US20250245507
2025-07-31
Physics
G06N3/084
The patent application discusses a method for generating high-fidelity speech using a generative neural network. The system processes a conditioning text input to produce audio that corresponds to the given text. This is achieved by training a feedforward generative neural network in an adversarial manner with the help of multiple discriminators. These discriminators evaluate whether the generated audio is real or synthetic, allowing the system to refine its outputs continuously.
The training involves both conditional and unconditional discriminators. Conditional discriminators analyze both the audio and the conditioning text input, ensuring that the generated speech aligns well with the input text. Unconditional discriminators, however, focus solely on the audio, providing a broader evaluation without being constrained by text input alignment. This dual approach enhances the system's ability to generate realistic and accurate audio samples.
The generative neural network described is a feedforward type, which processes inputs in a single forward pass, unlike autoregressive models that require multiple time steps. This architecture allows for faster generation of audio examples while maintaining high quality.
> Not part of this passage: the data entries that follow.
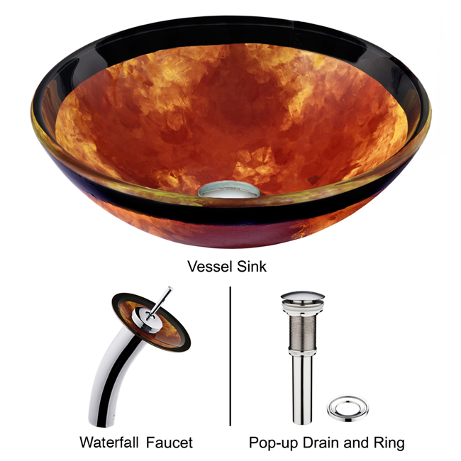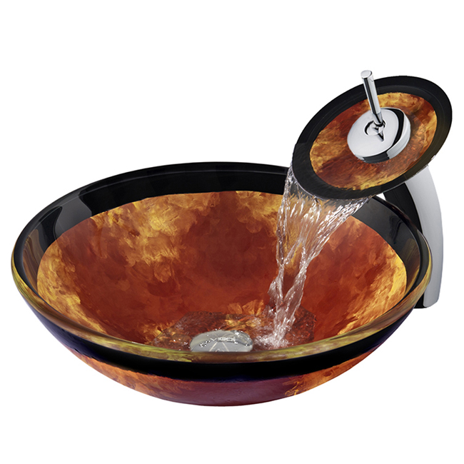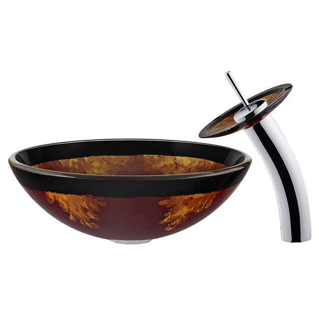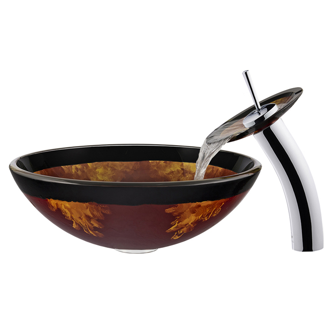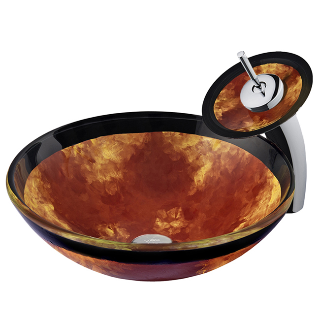 The VIGO Auburn/Mocha Fusion glass vessel sink and waterfall faucet set is sure to get your guests talking.
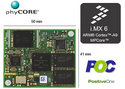 phyCORE-i.MX6 SOMは、市販されている産業工業用向けi.MX 6デザインです。コンパクトなphyCORE-i.MX6 SOMは、Solo、Dual、Quadプロセッサをサポートし、DDR3、eMMC、およびSLC NANDのコンフィギュレーションオプションをサポートするスケーラビリティに優れています。標準基板対基板コネクタに加えて、phyCORE-i.MX6はPHYTECのダイレクト・ソルダー・コネクト技術を利用したコネクタレス・バリアントでも利用できます。コスト効率と高い要求性能を併せ持つphyCORE-i.MX6は、幅広いソリューションへの展開に適しています。
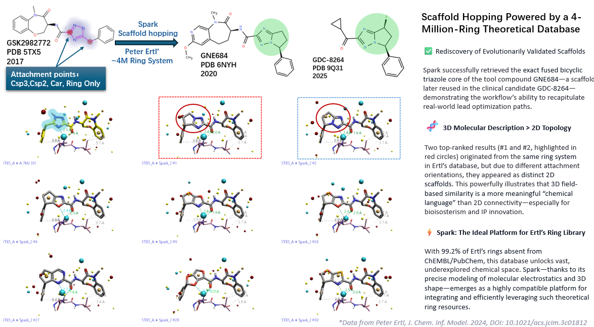 摘要:骨架跃迁是先导化合物优化中的核心策略,其成功在很大程度上依赖于高质量、结构多样的替换片段库。本文将 Peter Ertl 团队于 2024 年发布的包含近 400 万药物化学合理环系的理论数据库整合至 Cresset Spark 的静电–形状驱动骨架跃迁流程中,并以 RIPK1 抑制剂 GSK2982772 为起点分子,对其三氮唑甲基片段进行回溯性替换实验。结果表明,在仅筛选 4,311 个理化性质匹配的环系子集后,Spark 不仅高置信度地重现了后续优化中关键分子——包括工具化合物 GNE684 与临床 II 期候选药物 GDC-8264——所采用的关键双环骨架,还生成了数百个结构新颖、三维形状与静电场高度相似、且能维持与 Asp156 残基关键氢键相互作用的替代方案。本研究证实,基于生物活性分子统计规律生成的理论环系库可显著拓展骨架跃迁的化学探索边界,在保持药效特征的同时注入结构新颖性,为突破现有专利限制和加速先导化合物优化提供有力支持。
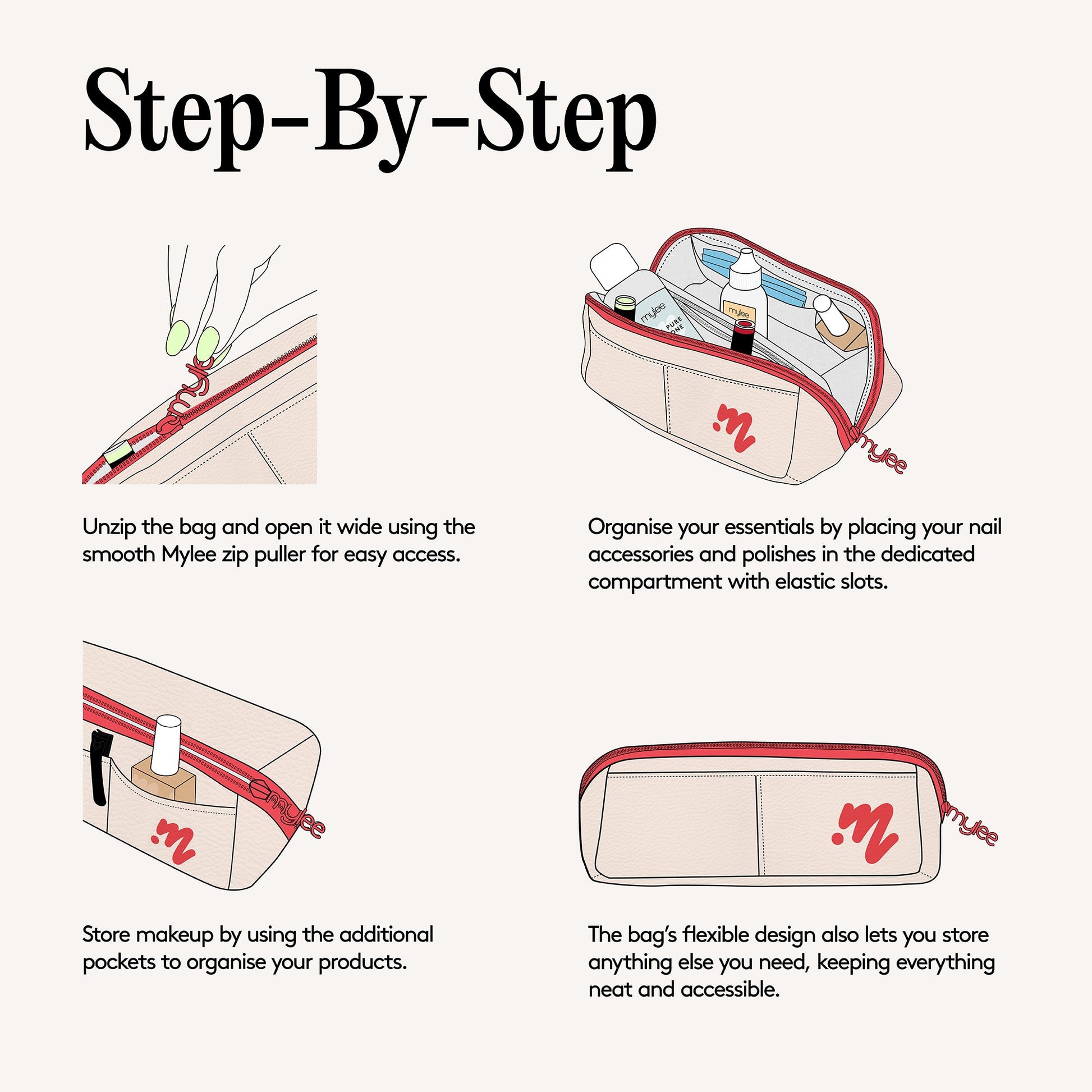 Spacious & organised storage: This makeup bag offers plenty of room to store your beauty essentials. With multiple compartments and elastic straps, it provides a dedicated section for your Mylee gel polish and secure storage for metal tools, making it easy to stay organised whether at home or on the go
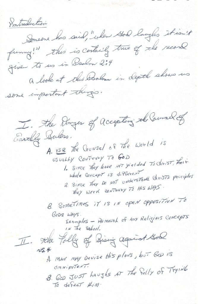 Someone has said, “when God laughs it isn’t funny!” this is certainly true of the record given to us in Psalm 2:4. A look at this Psalm in-depth shows us some important things.
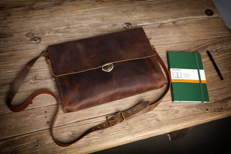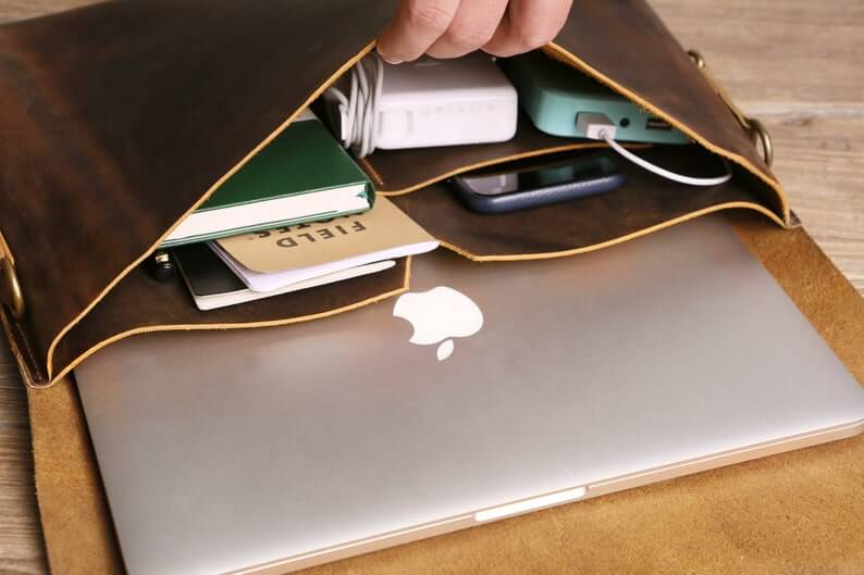 This portable and slim design computer bag is made from high quality full grain leather ,100% handmade ,especially the hand sewing. durable real leather with strong hand stitch , a perfect combination to have it meaningful and long-lasting use
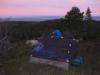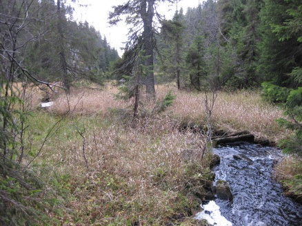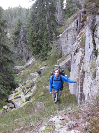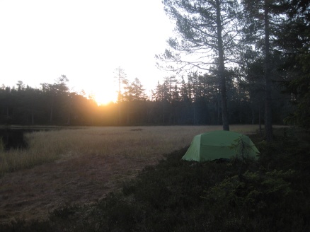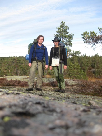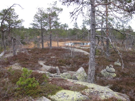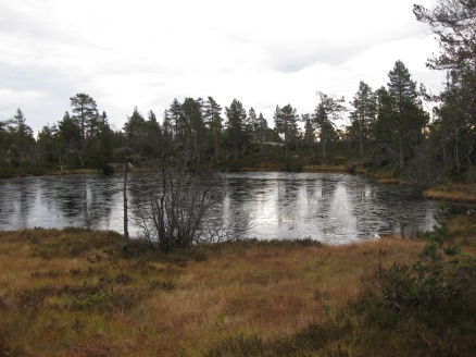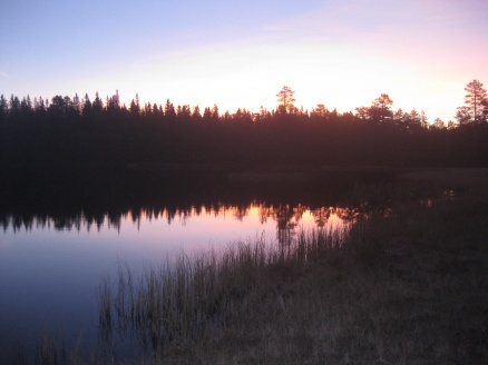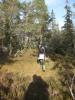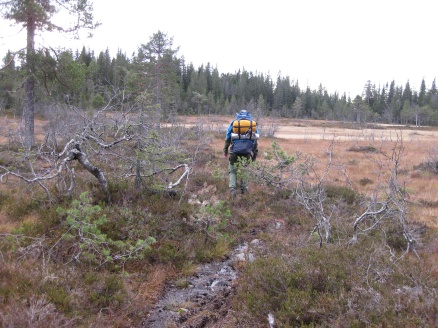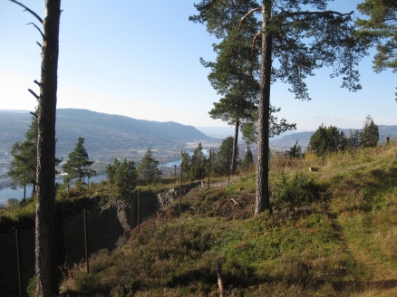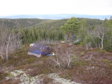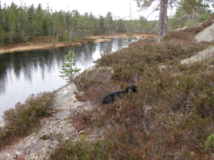 Torsdag kveld startet vi turen "Finnemarka på langs", fra Tyrifjorden (Vikersund) til Drammen. En kamerat, Elvis (bikkja) og jeg hadde planlagt turen noen uker tidligere, og torsdag kveld satte vi oss i bilen og kjørte i retning Vikersund. Startpunktet for turen var nordre del av Breili, nærmere bestemt Rognåsen. Vi hadde vært spente på hvordan været kom til å bli, da det hadde vært veldig skiftende de siste ukene. Derimot så det ut til torsdag kveld at vi ihvertfall fra starten ville få bra vær. Stjerneklart og nesten fullmåne. En bedre start kunne vi ikke få Vi parkerte bilen og begynte å gå innover i retning Breiliflaket, som er Finnemarkas høyeste punkt med 702 moh. Vi kom ikke igang før klokka var omtrent 21 på kvelden, så vi startet turen med hodelykter og gps.. Planen var i utgangspunktet å slå leir allerede ved Damtjern etter bare 2-3 km siden vi var kommet så seint igang. Vi kom raskt inn på en liten sti som gikk i riktig retning, og vi forflyttet oss relativt raskt til tross for mørket. Vi ble derfor enige om å forsøke å komme oss helt opp på Breiliflaket og slå leir der siden det var en så flott kveld med måneskinn. Fra Damtjern gikk vi bare etter kart og kompass videre mot toppen. Terrenget var kronglete, med tett skog og mye ulent terreng. Etter nesten 2 timer var vi allikevel oppe på toppen. Vi angret ikke da på at vi hadde valgt å gå den ekstra timen før vi slo leir:) Kjempeflott 360 graders utsikt! Lite vind, så stedet var perfekt som leirplass. Klokka var blitt over 23, så vi fyrte opp bål, slappet av med litt mat og tok kvelden.... Dag 2 (fredag): Dagen etter var like flott. Sol og bare et lett skylag gjorde utsikten enda mer imponerende i lyset. Etter frokost pakket vi sakene og fortsatte ferden sørover. Vi fulgte blåmerka sti innom Sandtjern og videre sørover gjennom barskogreservatet. Etter et par timer hadde vi passert "De pene tjenna" og gikk bort fra stien. Vi tok ut kursen vestover i retning Hovlandsfjellet. Terrenget her var veldig flott. Myrlendt, og åpen gammel furuskog. Vi befant oss nå på ca 600 moh. De neste 3-4 timene krysset vi ialt 4 åsrygger før vi var oppe i terrenget rett sør for Hvals- Broktjern. Dette var et tøft terreng. Noen steder var det så bratt at vi måtte leite etter steder hvor vi kunne komme opp uten å måtte klatre. Selv bikkja måtte hjelpes opp noen steder:) Dette var tydelig et område hvor det ikke var mange turgåere, og vi fikk faktisk litt følelsen av villmark.. Når så den siste av de 4 åsene var passert begynte vi å kjenne alle høydemeterne vi hadde klatret de siste timene, og fant ut at det var på tide med lunsj. Rett sør for Hvals-Broktern fant vi et lite vann det passet fint å slå seg ned ved. Tørrgran var det på alle kanter, så det tok ikke lenge tiden å få igang bålet. Vi tok en god rast. Fikk i oss litt mat og noen kopper kaffe før vi tuslet videre. Selv den ellers så aktive settern merket det tunge terrenget vi hadde gått i og fant seg en god plass å hvile borti lyngen:) Videre gikk ferden sørøstover i retning Langvann og Sponevollen. Den neste strekningen dit var veldig fin. Øde, åpent terreng med veldig mange småvann. Etter nedstigningen ned til Sponevollen fulgte vi grusveien et lite stykke øst til vi hadde passert Svartåsen. Da dro vi rett sørover fra veien, og nye 150-200 høydemeter før vi kom til Krokjern. Krogtjern er et lite, koselig vann på åsen midt mellom veien til Sponevollen og Svarvestolen (turisthytta). Her slo vi leir når kl nærmet seg 18.30. Da vi fant fram hodelyktene for å gjøre oss klare for mørkets frembrudd viste det seg at begge lyktene våre hadde streiket! Vi byttet batteri og sjekket over alle ledninger og alt, men nei ingen lys! At dette kunne skje med begge lyktene samtidig var for oss en gåte:) Etter en stund fant vi ut at festepunktet til ledningen på den ene lykta hadde smeltet kvelden før når jeg hadde hatt den på hodet og holdt på med bålet! At ikke håret tok fyr først er kanskje rart, men smeltet var den ihvertfall:) Vi hadde da ikke lenger noen lykter og måtte skynde oss å finne ved før det ble helt mørkt. Dette klarte vi akkurat i siste liten, og kunne sette oss velfortjent ned ved bålet etter en lang og strabasiøs dag. Lang, men utrolig flott dag! Dag 3 (lørdag): Nok en skyfri dag med strålende sol:) Natta hadde derimot vært kald. Det lå is på vannet, og temeraturen hadde nok vært nedi 6-8 kuldegrader. Vi fikk allikevel fort varmen etter noen kopper kaffe, og la i vei mot Svarvestolen. Fint terreng foruten at det var noen hogstfelt rett ved hytta. Beundret utsikten ut mot Glitre noen minutter, og spiste en kvikk-lunsj før ferden bar videre over Glitrehagan og ned mot Glitre. Derifra gikk vi i terrenget over til Sandungen istedenfor å måtte følge grusveien hele veien rundt Glitre. Når vi kom ned på veien ved Sandungen fulgte vi denne til Vrangla hvor vi spiste lunsj. Ved Vrangla møtte vi noen andre turgåere på "lørdagstur". Dette var faktisk første gangen siden vi startet på torsdag at vi møtte folk! Videre gikk det langs veien ned til Ulevann. Deretter fulgte vi blåmerket sti et stykke forbi Solbergvannet og Nerdammen før vi kom til Sørenden av Vrangen. Derifra gikk vi i terrenget på kurs til Tverråsvannet, hvor vi fortsatte stigningen opp på Tverråsen og bort til Vakkertjern. Navnet på dette vannet er selvforklarende.. Et utrolig idyllisk tjern med en flott odde hvor vi slo opp teltet. Igjen var vi avhengig av å få samlet ved før mørket kom. Her oppe hadde det tydeligvis vært flere mennesker innom enn der vi hadde slått leir tidligere, for det var vanskeligere å finne tørr ved i nærheten. Jobbet litt for å sanke nok ved til hele kvelden, men omsider hadde vi fått samlet en god haug. Denne kvelden delte vi de 2 pakkene med bacon vi hadde båret på i flere dager. Det smakte... Dag 4 (søndag): Fjerde og siste dag skulle vi bare siste etappe over Tv
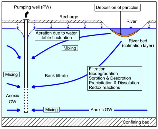 From a water resources perspective, RBF is normally characterized by improved water quality [1,2]. Therefore, RBF is a well-proven treatment step which, at numerous sites, is part of a multi-barrier approach to the drinking water supply. The positive effects of RBF arise primarily in the mixing, sorption, and degradation processes. The whole process can be thought of as occurring in two distinct steps:
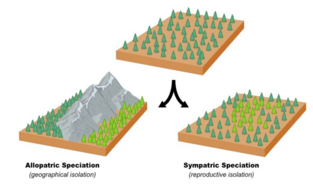 | Sympatric | Same geographical area | Behavioural, temporal, reproductive isolation | Populations stop interbreeding despite living together |
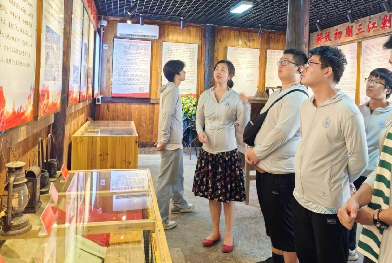 在三江剿匪纪念馆与革命烈士纪念碑前,彭曦老师为实践团带来了一堂别开生面的“行走的思政课”。她以馆藏革命文物为生动教材,通过“文物解读-精神提炼-时代传承”三个教学环节,将红色基因的传承融入乡村振兴的当代实践。在程阳八寨,她以侗族村寨的沧桑巨变为切入点,讲述了侗族人民在中国共产党领导下实现了“从解决温饱的艰苦奋斗,到文旅融合的创新发展”这一伟大历程,努力将铸牢中华共同体意识融入实践全过程。
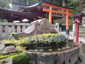 【龍神水舎】(神奈川県の水汲み場)足柄下郡箱根町元箱根 九頭龍大神が祀られる箱根神社境内で 九つの龍口から御神水が注がれる水舎

The network employs convolutional layers organized into generator blocks that sequentially process the conditioning text inputs to produce audio outputs.
Utilizing both types of discriminators offers various benefits, such as improved adherence to input text and increased diversity in audio sample evaluation. The system can operate on different frequencies of audio samples by assigning specific window sizes to each discriminator, enhancing realism and reducing computational complexity. Additionally, using dilated convolutional layers broadens the receptive fields, enabling learning across various frequency dependencies.
The system's implementation involves computer programs across multiple locations, integrating components like a generative neural network, discriminator network system, and parameter updating system. The conditioning text input can include linguistic features such as phonemes and pitch information, which are processed through generator blocks in the neural network. This setup ensures efficient training and generation of high-fidelity speech synthesis.